Scottish television presenter and reporter (born 1982)

Eilidh Margaret Barbour (/ˈeɪli ˈbɑːrbʊər/; born 14 December 1982) is a Scottish television presenter and reporter. In 2017, she was named as the main presenter for the BBC's golf coverage, replacing Hazel Irvine in the role.

==Career==
In 2005, Barbour graduated from the University of Stirling, having studied Film and Media Studies, with an emphasis on audio and video production. She then moved to South Korea for a year to teach English, before returning to Scotland with the intention of finding a job within broadcasting. Her persistence paid off, for six months later she got a job with STV, primarily editing its football and rugby highlights. She later took various reporting jobs, before becoming the presenter of STV Rugby for the 2011–12 season, which focused on the Scottish rugby teams in the Pro12. She has occasionally presented the results and international highlights on BBC Scotland's Sportscene.

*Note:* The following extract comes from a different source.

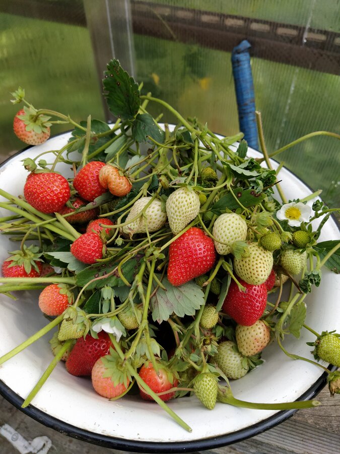 Вообще белая ягодка успела бы доспеть, но я принесла с клубникой фриго антракноз.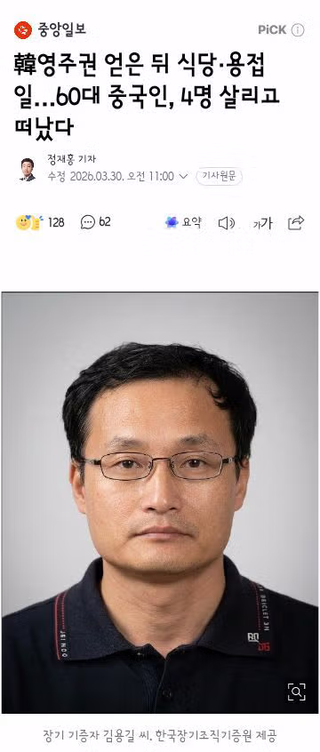 한국서 20년간 나눔 베푼 중국인...4명 살리고 떠나

In November 2014, Barbour came to national attention when she was a pitchside reporter at a first round FA Cup match during a special episode of Final Score. From 2016 onward she has been a regular reporter for Final Score. Also in 2016, she filled in for Dan Walker as presenter for Football Focus when Walker was in Rio de Janeiro covering the Olympics. The following year, Barbour became the presenter of The Women's Football Show.

In July 2017, she was named as the main presenter for the BBC's golf coverage, replacing Hazel Irvine, to whom she had written for career advice and who had been a major influence on her career. Barbour's father had always played golf, and she took up the sport in her teenage years, around the same time when her own mother wanted to learn as well. For the Pyeongchang 2018 Winter Olympics, Barbour was one of the main presenters of the BBC's coverage. In December 2018, she joined the presenting team for Match of the Day 2 when she stood in for regular host Mark Chapman. In June 2019, Barbour was part of the BBC presenter team for the Women's World Cup, hosting, among others, the quarter-final between Germany and Sweden.

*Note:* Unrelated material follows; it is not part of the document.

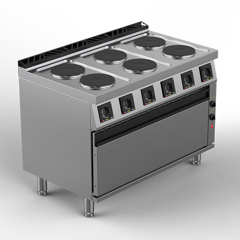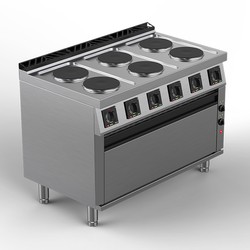 Plaques de cuisson en fonte embouties, étanches, avec zône circulaire anti débordement, Ø 220 mm. Puissance unitaire 2,6 kW. Boutons sélecteurs athermiques à 6 positions, sur plastrons anti traces, avec LED de fontionnement intégrées. Fours électriques statiques chauffés par résistances blindées à commandes séparées pour le haut et le dessous. Sélecteurs de température manuels sur bandeau latéral, de 50° à 300°C. Four standard: capacité 3 plaques ou grilles GN 2/1. Maxi four: 3 niveaux de glissières pour 3 plaques GN 1/1 par niveau. Montants à glissières démontables pour le nettoyage. Intérieur de four en acier inox AISI 304 épaisseur 1 mm. Isolation de porte par double paroi et joint caoutchouc pour une fermeture étanche.

In December 2019, she was the presenter for the first Premier League game to be shown live on Amazon Prime Video, Crystal Palace vs. Bournemouth.

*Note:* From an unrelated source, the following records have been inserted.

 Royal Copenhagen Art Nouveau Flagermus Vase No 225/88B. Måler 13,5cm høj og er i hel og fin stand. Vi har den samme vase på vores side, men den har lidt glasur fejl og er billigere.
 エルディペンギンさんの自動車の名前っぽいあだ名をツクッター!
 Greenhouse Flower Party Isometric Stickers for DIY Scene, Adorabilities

At the Scottish Football Writers Association (SFWA) gala dinner on 8 May 2022 in Glasgow, Barbour was among attendees who walked out in protest at the sexist content of an after-dinner speech and commented afterwards that she "never felt so unwelcome in the industry". The SFWA issued a formal apology the following day stating that this "will act as a catalyst to review and improve the format of our future events" to make them inspirational for all. Barbour received complaints in July 2022 for stating that the English Women's team which beat Norway 8–0 in Euro 2022 was 'too white'.

==Personal life==
Barbour is a lifelong supporter of St. Johnstone.

As of 2022, Barbour is in a relationship with former Hibernian footballer Marvin Bartley.